■ RECORD EXTRACTS
########

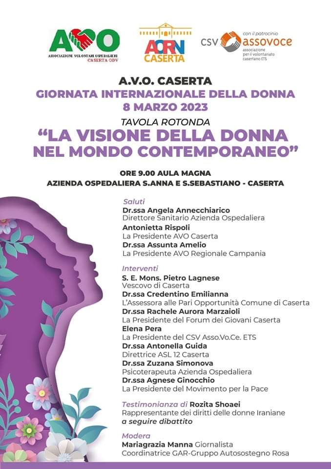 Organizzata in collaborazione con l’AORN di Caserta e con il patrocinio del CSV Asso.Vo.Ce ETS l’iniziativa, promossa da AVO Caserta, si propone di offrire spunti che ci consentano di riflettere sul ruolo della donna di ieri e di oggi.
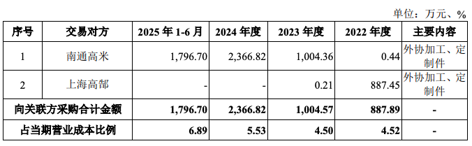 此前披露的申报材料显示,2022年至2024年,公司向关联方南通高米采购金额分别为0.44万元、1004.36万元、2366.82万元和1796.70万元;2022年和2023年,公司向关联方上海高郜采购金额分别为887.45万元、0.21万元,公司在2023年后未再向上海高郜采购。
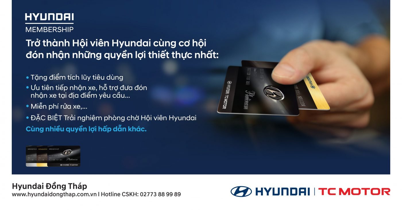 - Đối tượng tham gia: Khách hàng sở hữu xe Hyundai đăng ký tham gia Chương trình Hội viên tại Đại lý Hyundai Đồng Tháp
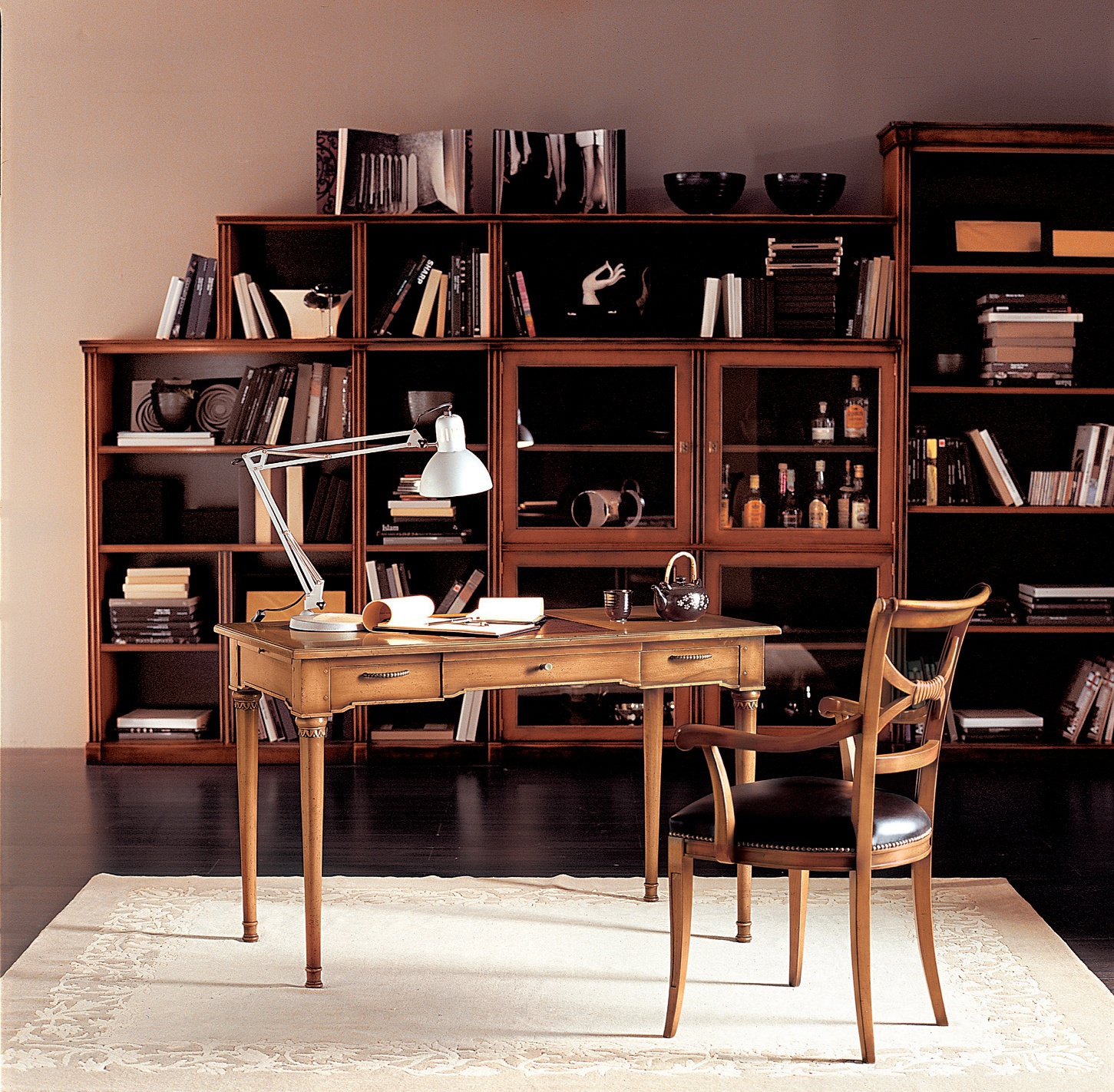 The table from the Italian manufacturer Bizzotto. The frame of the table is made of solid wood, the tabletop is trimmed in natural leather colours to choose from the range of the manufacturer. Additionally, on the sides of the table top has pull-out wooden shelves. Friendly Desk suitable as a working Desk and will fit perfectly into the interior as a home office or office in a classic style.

########

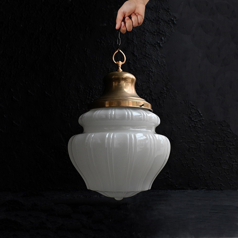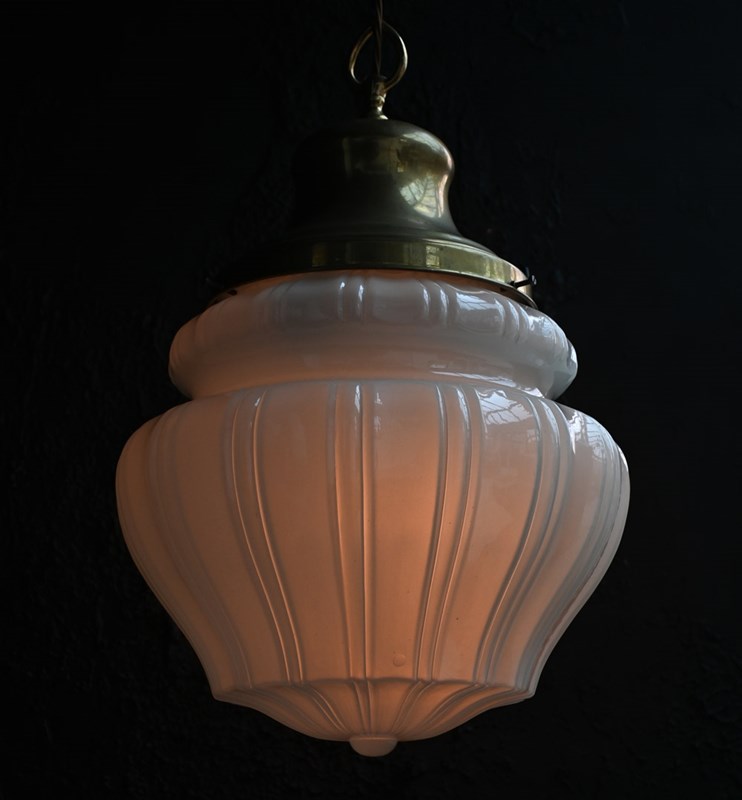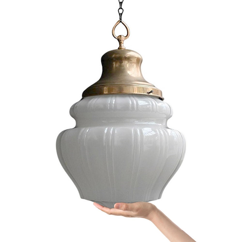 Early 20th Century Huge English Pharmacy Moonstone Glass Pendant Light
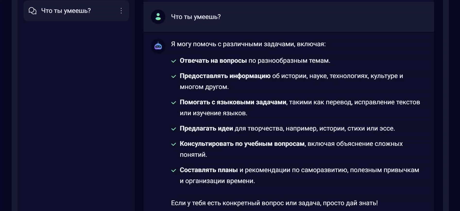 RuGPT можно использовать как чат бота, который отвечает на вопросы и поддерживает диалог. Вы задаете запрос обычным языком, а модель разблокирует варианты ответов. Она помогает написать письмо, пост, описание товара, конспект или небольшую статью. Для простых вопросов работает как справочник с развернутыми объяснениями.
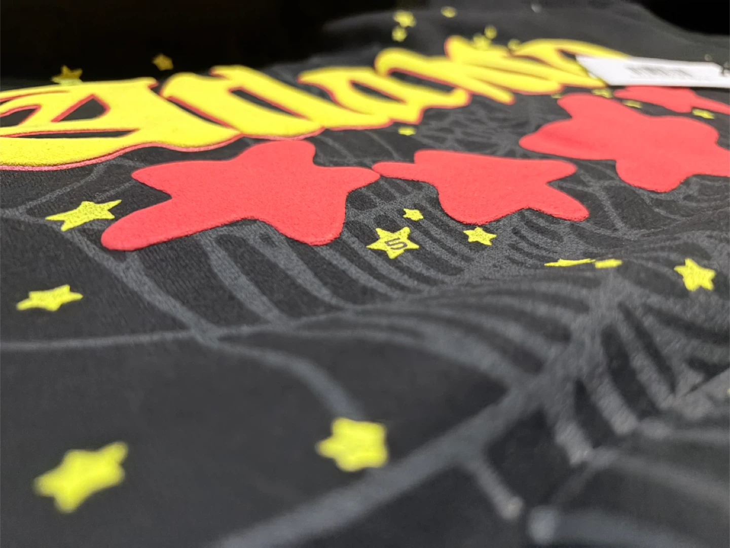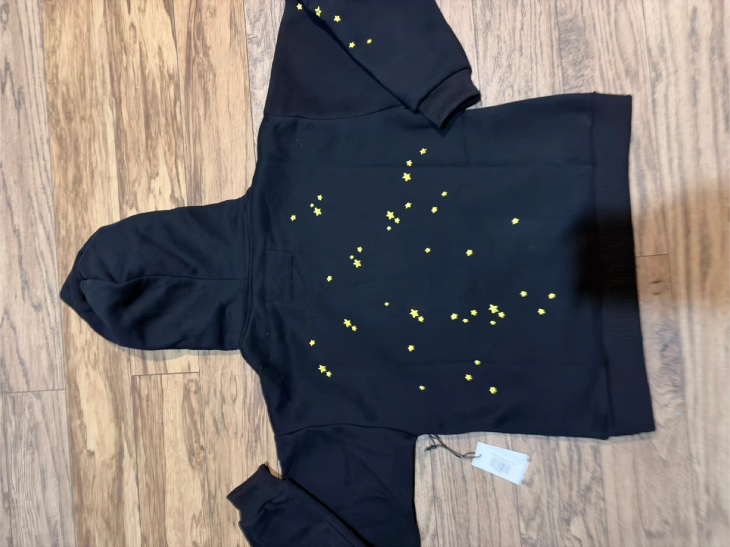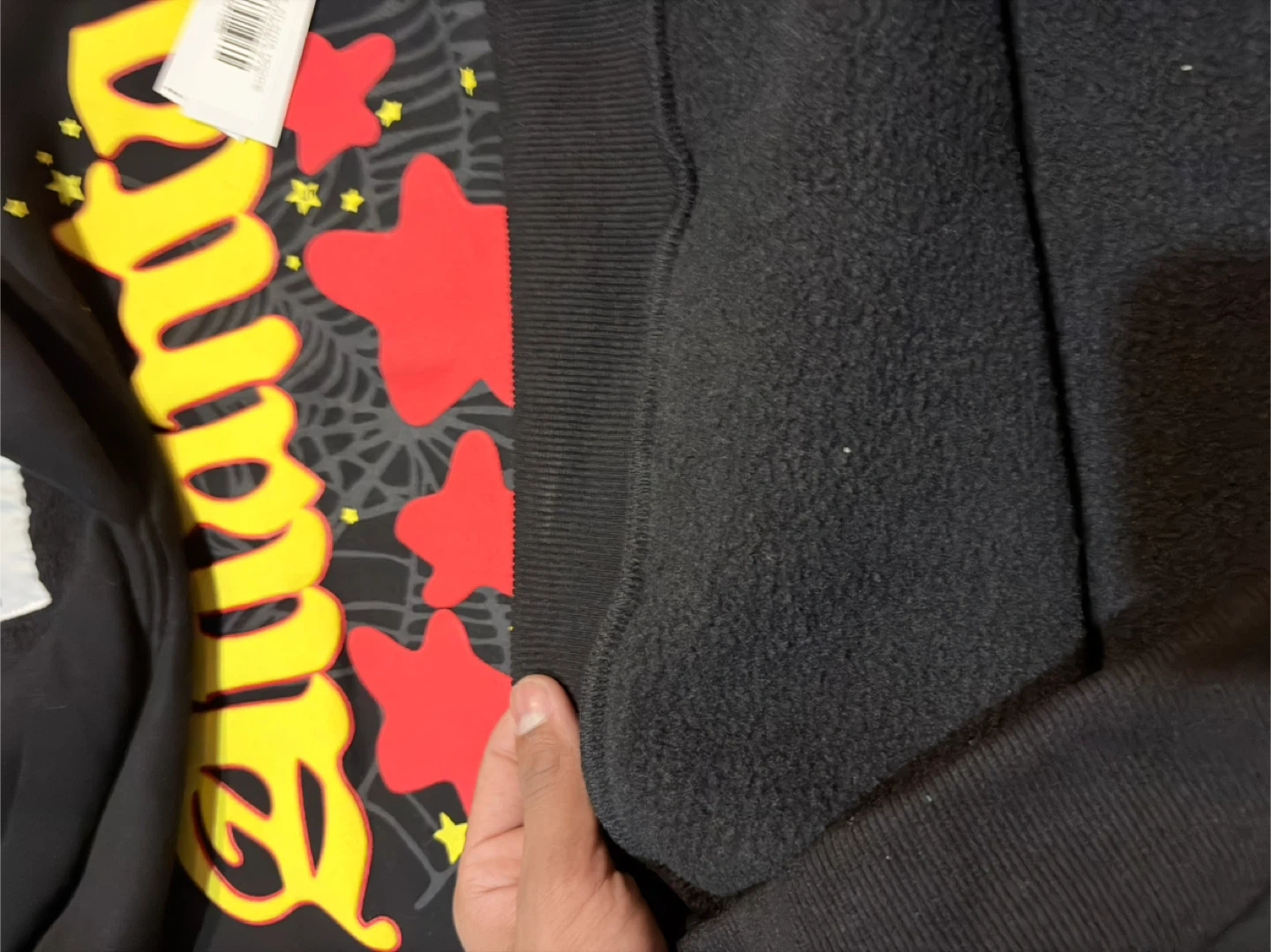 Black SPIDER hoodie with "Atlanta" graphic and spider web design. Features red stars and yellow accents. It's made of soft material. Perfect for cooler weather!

########

■ EXERCISE REQUIREMENTS
I'd like the lines above repeated exactly, from the one that contains "Early 20th Century" through the one that contains "Black SPIDER hoodie", with no pictures.

■ EXPECTED ANSWER
 Early 20th Century Huge English Pharmacy Moonstone Glass Pendant Light
 RuGPT можно использовать как чат бота, который отвечает на вопросы и поддерживает диалог. Вы задаете запрос обычным языком, а модель разблокирует варианты ответов. Она помогает написать письмо, пост, описание товара, конспект или небольшую статью. Для простых вопросов работает как справочник с развернутыми объяснениями.
 Black SPIDER hoodie with "Atlanta" graphic and spider web design. Features red stars and yellow accents. It's made of soft material. Perfect for cooler weather!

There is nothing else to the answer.